On October 7, about 275 supporters of Special Olympics Santa Barbara Region (SOSBR) came out for the 4th Annual Fired Up Dinner co-hosted by SOSBR, the S.B. County Firefighters, and S.B. City Firefighters at the Carriage and Western Art Museum. The event raised funds for the SOSBR’s year-round sports training and athletic competition for children and adults with intellectual disabilities and its other programs.
Guests were greeted by several of the Special Olympics athletes and mingled inside the museum and on the scenic grounds. County firefighters served drinks, Knights of Columbus members grilled tri-tip and chicken, and a host of local dignitaries schmoozed with the crowd, including U.S. Congressmember Salud Carbajal, State Assemblymember Monique Limón, Police Chief Lori Luhnow, Mayor Cathy Murillo, District Attorney Joyce Dudley, Council members Gregg Hart, Eric Friedman, and Jason Dominguez, Supervisor Steve Lavagnino, former County Fire chief Eric Petersen, City Fire Interim Chief Lee Waldron, Lt.
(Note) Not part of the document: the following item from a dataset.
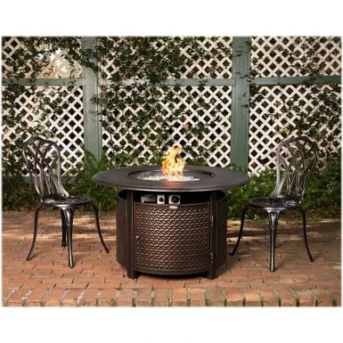 Provide a campfire setting in your outdoor space without the smoldering embers using this Fire Sense Weyland LPG fire pit. The round hammered aluminum conveniently handles the maximum 50,000 BTU blue-flame output, while the antique bronze finish of this Fire Sense Weyland LPG fire pit provides a polished look for a timeless appearance.

Ugo “Butch” Arnoldi from the Sheriff’s Office, former City Fire chief Pat McElroy, and former sheriff and former County Fire chief Pat Thomas.
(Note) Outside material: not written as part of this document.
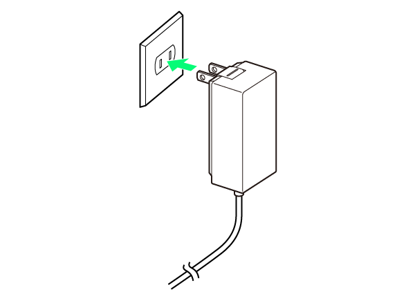 ACアダプタの電源プラグを起こし、コンセントに差し込む

In the keynote address, McElroy shared that his brother Matthew participated in Special Olympics programs for four decades and that Special Olympics was the greatest thing that ever happened to him. McElroy pointed to the socializing aspect and the pride and confidence the programs instilled in him.
He shared a precious video from 1980 featuring an LA Lakers athlete playing basketball with Matthew that brought tears and smiles to the audience as they witnessed the confidence and joy Matthew exhibited. McElroy remarked on how far society has come from when Matthew was born in 1962 and that Special Olympics is an indication of how compassionate and smarter society has gotten. He cautioned, however, that we need to think about what more we can do and the obligation we have to continue to improve opportunities. McElroy remarked not only on how deserving the athletes are, but also on how they are teachers to whom we should pay attention.
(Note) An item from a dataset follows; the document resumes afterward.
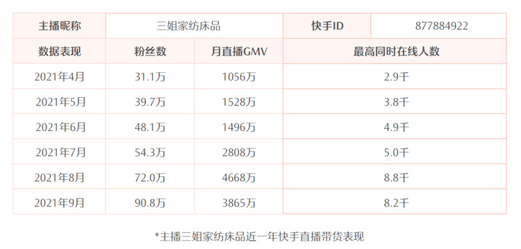 河北衡水的快手家紡主播三姐(快手ID:877884922)今年三四月時場均GMV只有25萬左右。四月份,快手電商運營小二開始對接扶持,鼓勵主播多發(fā)內(nèi)容,勤復(fù)盤,只用了兩三個月的時間,場均GMV就增長到了70至90萬。到7月份,三姐通過和外部服務(wù)商合作操盤大活動獲得全方位提升,單場峰值GMV突破了550萬。8月份,在她自己的努力下,單場峰值GMV突破1000萬,場均GMV可以到達200萬。相當(dāng)于不到半年的時間,三姐通過學(xué)習(xí)專業(yè)化運營實現(xiàn)了10倍的增長。目前,三姐的每一場直播都會更加系統(tǒng)性使用STAGE方法論。
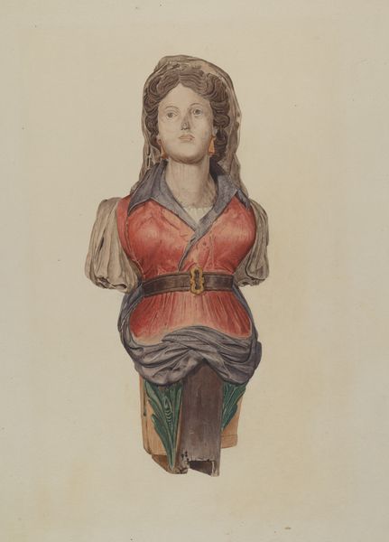 Walter Hochstrasser made this piece called, "Cigar Store Figure," using what looks like watercolor or gouache on paper. What strikes me is the precision of the rendering, yet there's a playfulness too. Look at how the red of the pants graduates in tone, suggesting a rounded form. Notice how the gold trim on the jacket catches the light. It's as if Hochstrasser is describing not just the figure, but the way light interacts with it. The paint is applied in thin washes, allowing the paper to breathe and give the image a luminous quality. But it's the mustache that really gets me, like a proud exclamation point on the face. Hochstrasser seems to have had a sense of humor, a twinkle in his eye. And maybe, just maybe, he was winking at the viewer. The piece reminds me of work by Red Grooms, with its colorful, cartoonish sensibility. Art is always talking to itself and creating ongoing conversations across time.

Ryan Childress, an SBCC student and San Marcos High School graduate, received the Athlete of the Year award. In presenting the award, his volunteer soccer coach and Leadership Council member Jerry Siegel lauded Childress as a phenomenal athlete, who has been dubbed the Scoring Machine, a great teammate, and a joy to coach.
The Volunteer of the Year Award went to Bud Viard, who has been a coach for the past five years and also serves on the Games Management Team. He was praised as an extraordinary coach and an outspoken supporter for Special Olympics.
The Community Volunteer Group Award went to S.B. County Deputy Sheriff’s Association, which has been a part of SOSBR for more than 30 years. Members participate in the Law Enforcement Torch Run and associated events, including the Polar Plunge and Tip-A-Cop events, which raise significant funds for SOSBR. Members also attend Special Olympic competitions to hand out medals to the athletes.
Special Olympics Santa Barbara Region serves about 500 athletes throughout the county. With a lean staff of four and about 600 volunteers, SOSBR offers year-round programming — 12 sports in all — to about 500 youth and adult athletes, all free of charge. Athletes participate in competitions both within the county and throughout the Southern California Region. Those who qualify can go on to the Southern California Region’s Fall Games and Summer Games, the USA Games, and the World Games.
SOSBR also collaborates with area schools to put on competitions both for those exclusively with disabilities and competitions that involve students from the entire school population. It also undertakes educational initiatives.
The Special Olympics programs enable participants to develop physical fitness, skills, and confidence, as well as to experience joy with other Special Olympics athletes and the community at large. Another important benefit cited by Special Olympics is inspiring people everywhere to open their hearts to a wider world of human talents and potential. The organization has a four-star rating (the highest) from Charity Navigator and boasts that 89 cents of every donated dollar goes to its programs. Special Olympics operates in 172 countries and serves 4.9 million athletes through its network of volunteers and supporters.